In general the heat-map and plots confirms the earlier findings from the MDS analysis plots using only genotype data but do provide more details about the MDS plot clustering. The data seem to be in accordance with earlier scientific research that the genetic landscape of Europe is usually of small genetic distances with the exception of Saamis and Finns.

The plots for the number of shared segments (chunkcounts) and the total lenght of these segments (chunklenght) and the shared mutations are mostly consistent with the MDS plots done earlier.

CHUNKCOUNT AGGREGATED


The map clearly shows Saamis, Finns, Lithuanians and Italians as populations with large number of shared segments. The higher number of shared segments within a population can be due to more recent populations events like population expansion, genetic drift, limited genepool due to foundereffect or the result of unique mutations within the population that results in higher matching within the population that outside.

The Saamis seperate into one group. The Finns seperate into two groups. The first group consisting exclusively of Finns is basically eastern Finns. The second group appears to be affiliated with the Botnia region consisting mostly of Finns and some individuals from Sweden with at least partly Finnish ancestry and with at least partly known Saami ancestry. Scandinavians cluster in one group.

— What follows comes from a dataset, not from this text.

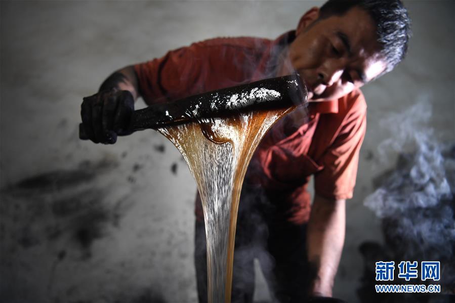 5月20日,安徽歙縣“項(xiàng)氏徽墨”的工人在熬膠。熬好的骨膠和煙灰混合后制作成墨泥。新華社記者劉軍喜攝。
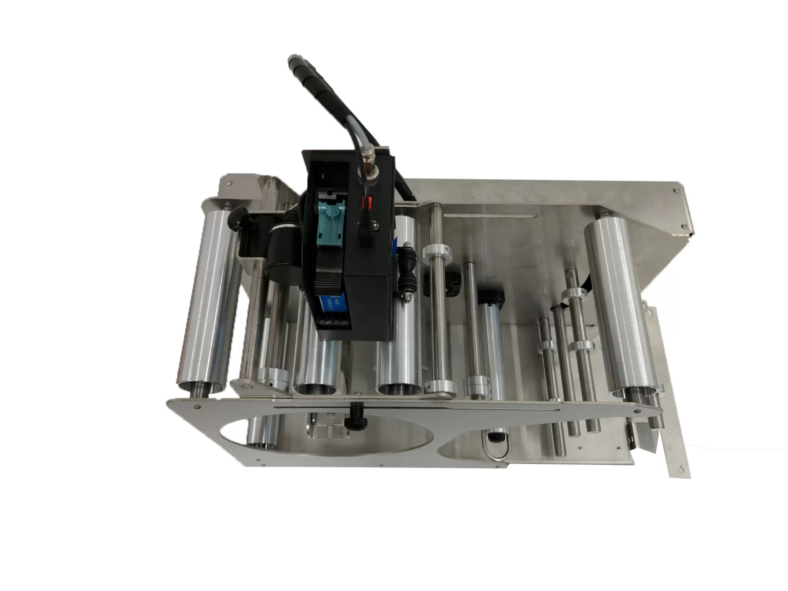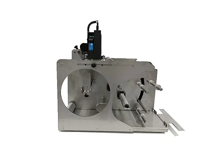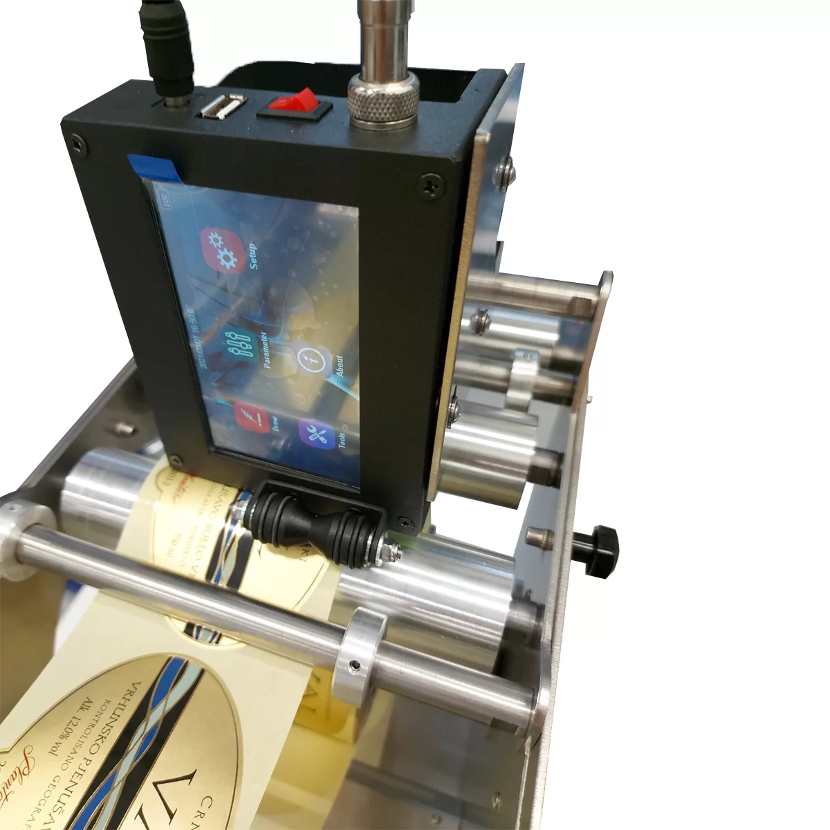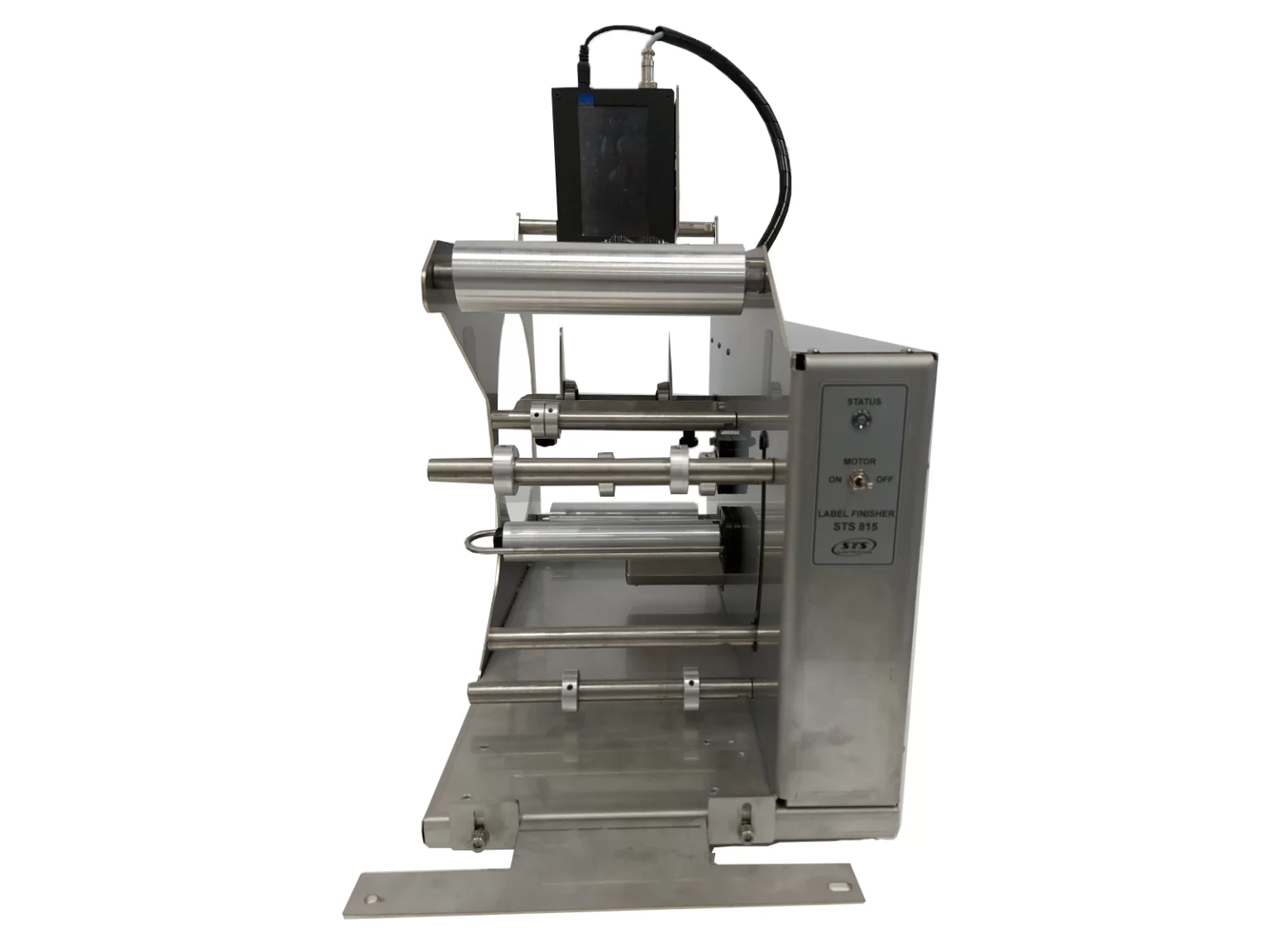 Cu STS815 poți imprima informații variabile chiar înainte de aplicarea etichetei pe produs. Modulul de marcare STS815 poate fi conectat la orice mașină de etichetare din oferta noastră, ceea ce îți permite să aplici eticheta imediat după imprimare. Rola de etichete este plasată în partea din spate a modulului STS815, iar banda de etichete trece la mașina de etichetare. Imprimanta este ușor de utilizat și oferă o impresie de durată. Software-ul imprimantei include șabloane predefinite pentru coduri de bare, coduri QR, dată și alte date, care pot fi ușor modificate pentru a se potrivi nevoilor tale.Caracteristici & SpecificatiiDimensiuni: 280 mm (l) x 550 mm (h) x 520 mm (a)Diametru recipient: n/aLungime recipient: n/aDiametru rolă etichete: < 200 mmDiametru interior rolă: 76 mmAlimentare electrică: 100 – 240 Vac, 50 – 60 HzConectare electrică: Cablu tip SHUKOConsum propriu: < 100 VALățime etichetă / rolă: 25 – 150 mmLungime etichetă: 25 – 500 mmSpațiu între etichete: > 2.5 mm (recomandat 4 mm)Viteză bandă: n/aGreutate: 21 kgCuloare: Gri (metalizat)

CHUNKCOUNT AGGREGATED POPULATION


CHUNKCOUNT PAIRWISE

CHUNKCOUNT PCA


 The PCA plots is similar to the earlier MDS plots but here mirrored,

CHUNKLENGHT AGGREGATED




The map shows that Saami, Finns and Lithuanians have larger lengths of the shared segments than other European populations. Larger sharing of the genome usually means a more recent history but not always. The larger sharing can indicate events in more recent genetic history like population expansion, genetic drift or limited gene-pool since the founding of the populations due to isolation.

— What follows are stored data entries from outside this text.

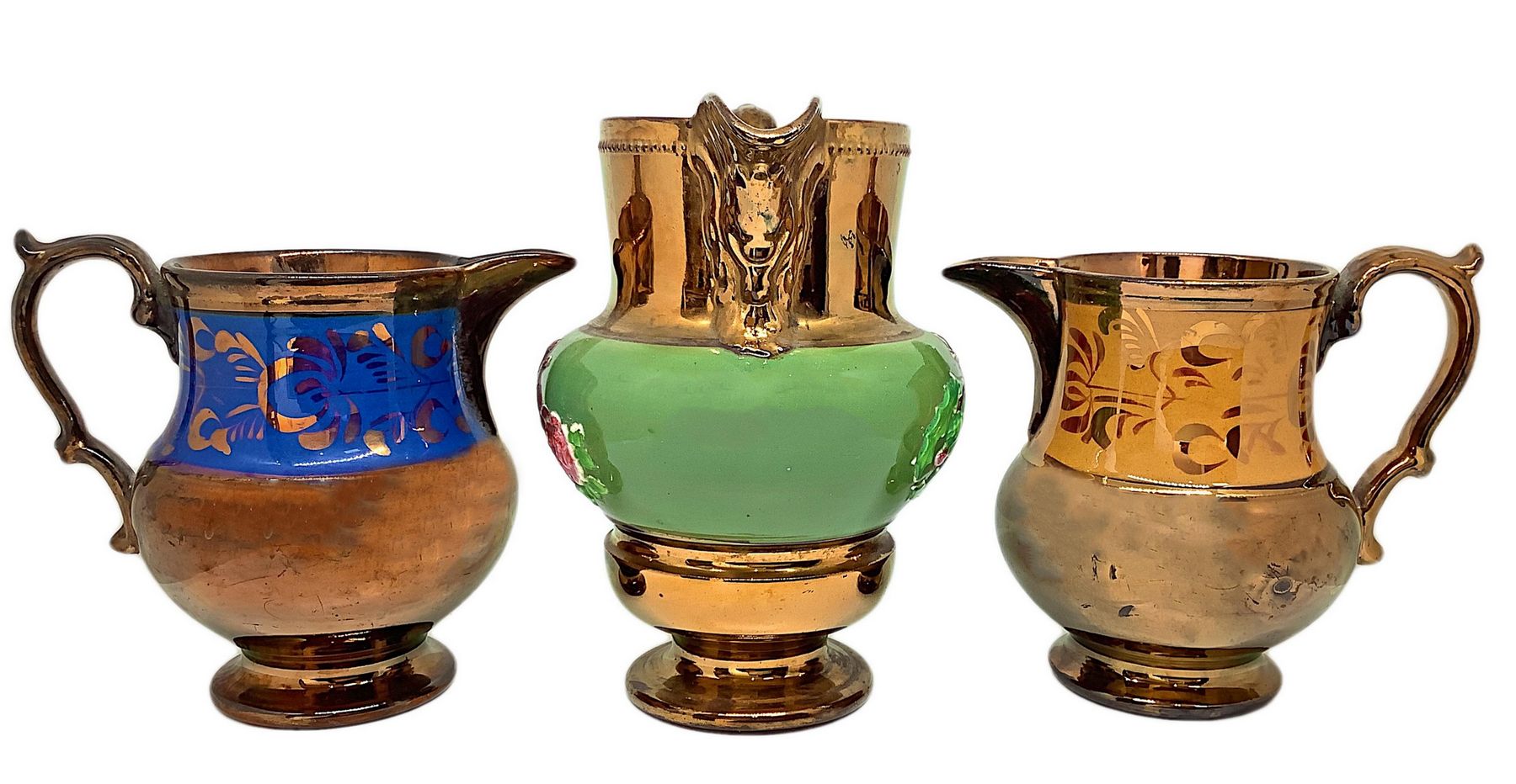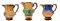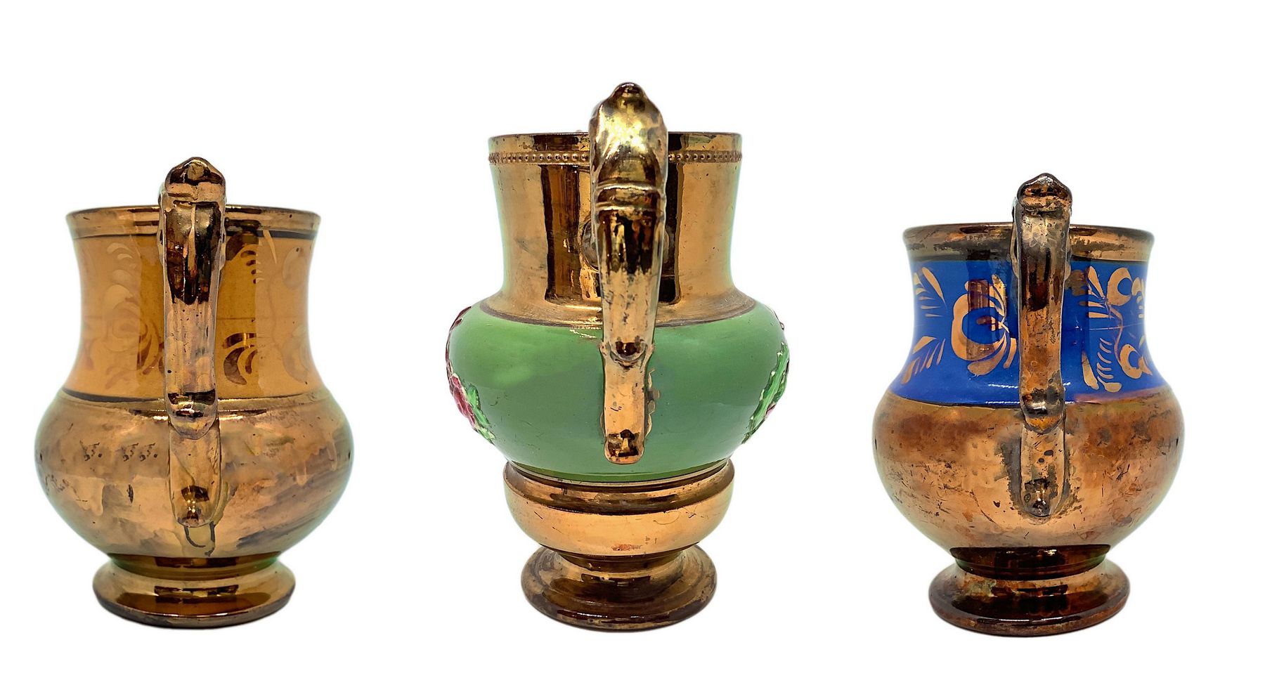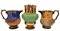 Gruppo di tre boccali in maiolica policroma. Inizi XX secolo, Malta. H cm 15,6. Bocca cm 8. H cm 11,7. Bocca cm 7,5.
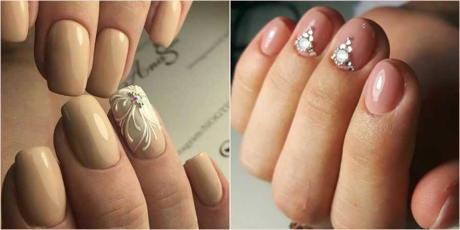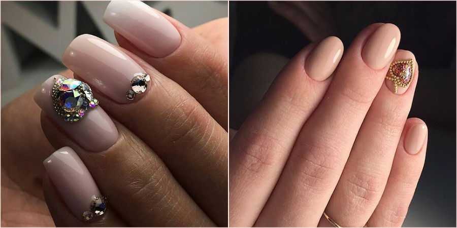 Натуральные нюдовые оттенки в маникюре по праву занимают лидирующие позиции уже долгое время. Они сочетаются с любым цветом в гардеробе. Дизайн может быть самым разнообразным: от украшения одной-двумя стразами до россыпи камней на одном из ногтей.
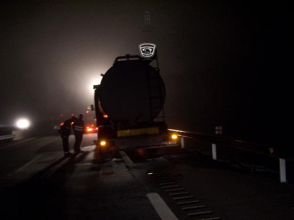 06’33 horas. El Centro de Coordinación de Emergencias activaba a este Servicio por el incendio en un camión que transportaba Mercancías Peligrosas y que se encontraba en la A-92 N, a la altura de la salida de Salazar (pk-50). Cuando los bomberos llegaron al lugar, el transportista con el uso de extintores, había extinguido parte del foco del incendio que se había originado en la rueda trasera, los bomberos proceden a la refrigeración de ésta y de la cistena. Posteriormente, el vehículo es trasladado a una zona más segura, fuera de la autovía.
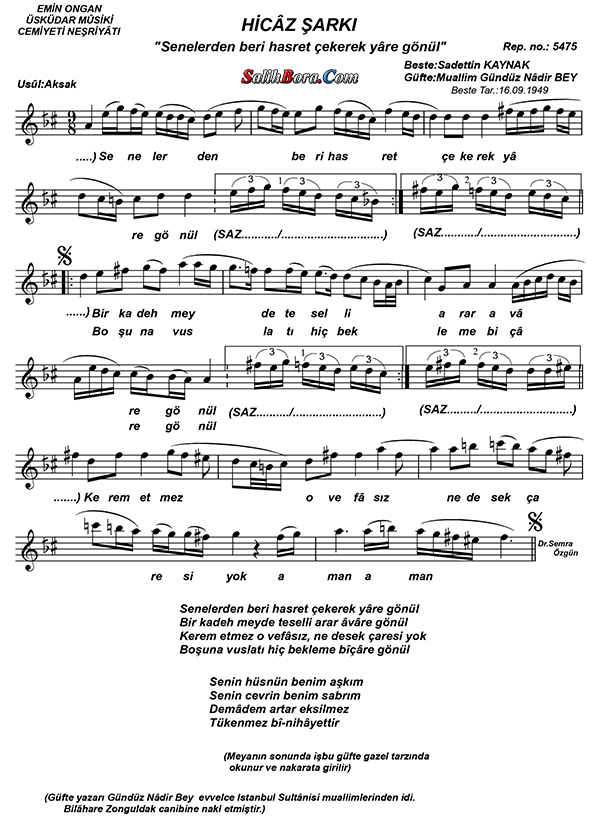 Bestesi Sâdettin Kaynak'a, güftesi Gündüz Nadir'e âit olan, hicâz makâmı, aksak usûlündeki şarkının; ayrıntılı bilgileri, sözleri, notaları ve video yorumları.

CHUNKLENGHT AGGREGATE POPULATIONS



 CHUNKLENGHT PAIRWISE


CHUNKLENGHT PCA


The PCA plot is in line with the earlier MDS based analysis having a very similar structure.

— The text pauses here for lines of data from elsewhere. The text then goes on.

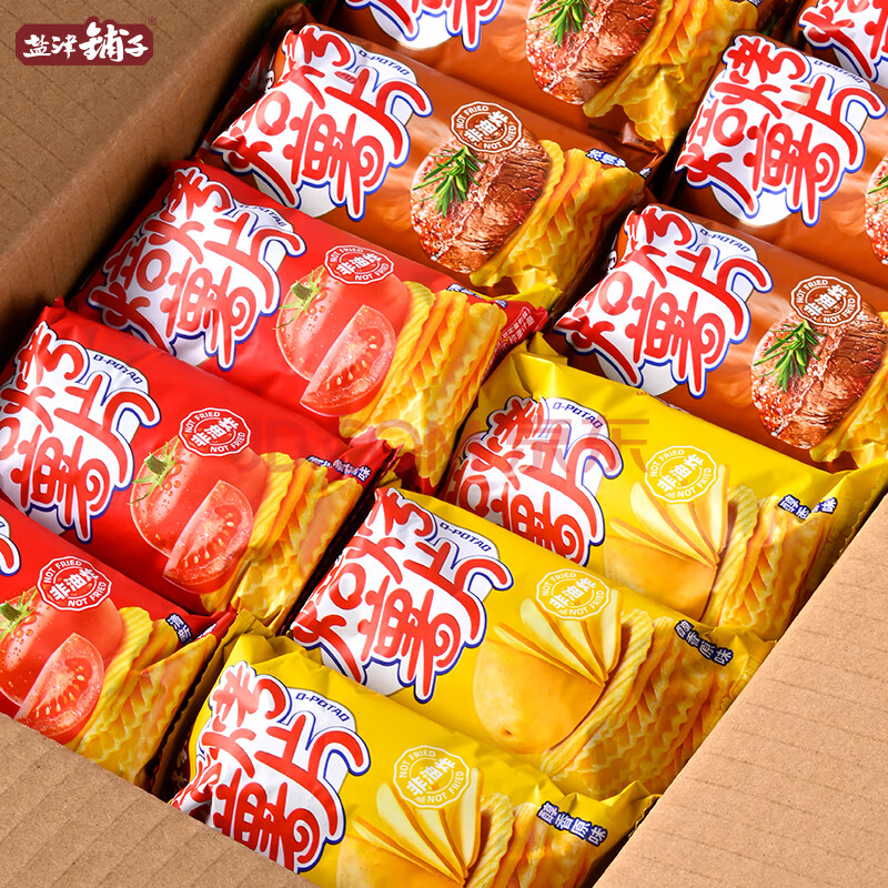 商品相册:盐津铺子薯片混合3味490g14包烘焙非油炸0反式脂肪酸休闲零食整箱礼盒第
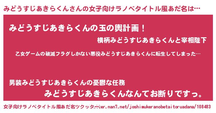 | 男性向けラノベタイトル風あだ名 | 『この素晴らしい世界にみどうすじあきらくんを!』 |
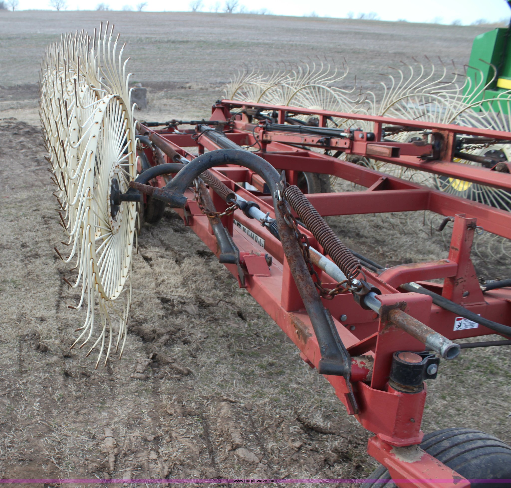 2009 H&S BF16 bi-fold rake. (16) wheels, Hydraulic fold, 15" tires, Serial 700988. Flying L Ranch. Ponca City, OK 74601
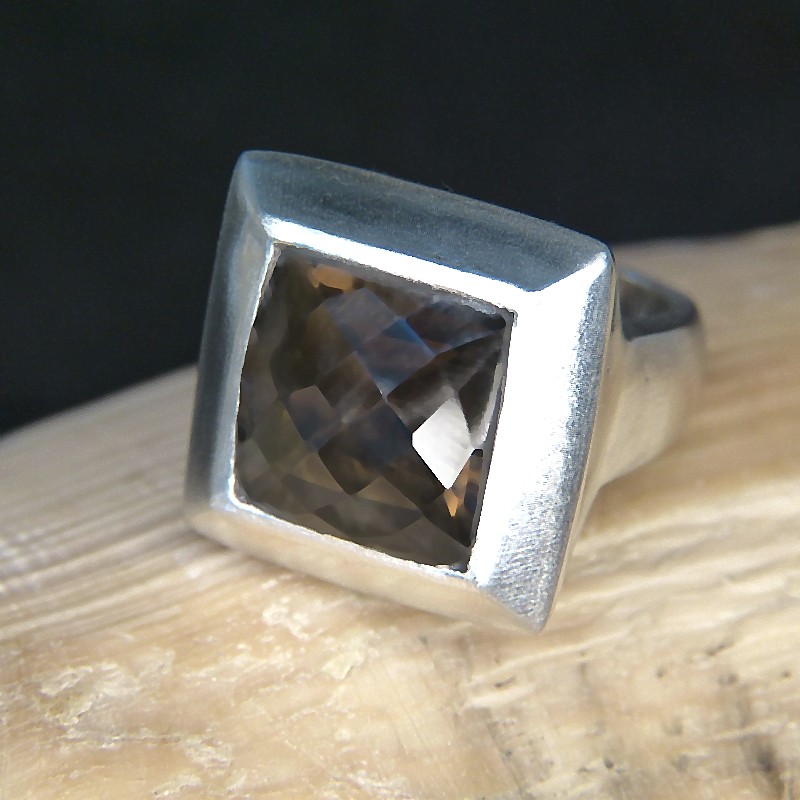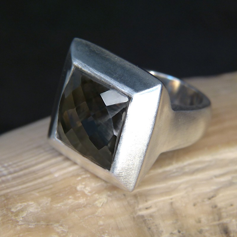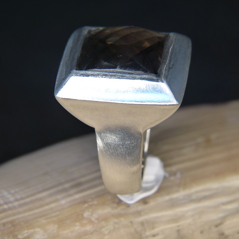 Auffälliger Ring aus mattiertem 925/-er Silber mit facettiertem Rauchtopas.

MUTATION MATRIX AGGREGATED


The mutation matrix shows a genetic landscape of largely closely related mutations with the exception of Saamis and Finns that separate at the highest level of the tree. Scandinavians appears in this heatmap similar to continental Europeans. Saamis and Finns appears to separate more clearly from each other in this plot than in the maps.

As I understand the program each individual haplotype chunk is compared to all the other haplotype chunks as potential donor to determine which haplotype is the closest neighbor of the haplotype in question. The program first find the closest neighbour donor haplotype. If this donor haplotype is identical to the recipient haplotype no mutations are counted and not registered in the mutation matrix. If the haplotype is not identical but have a mutational difference in the haplotype then this is counted as a mutation between the precipitant haplotype and the donor haplotype.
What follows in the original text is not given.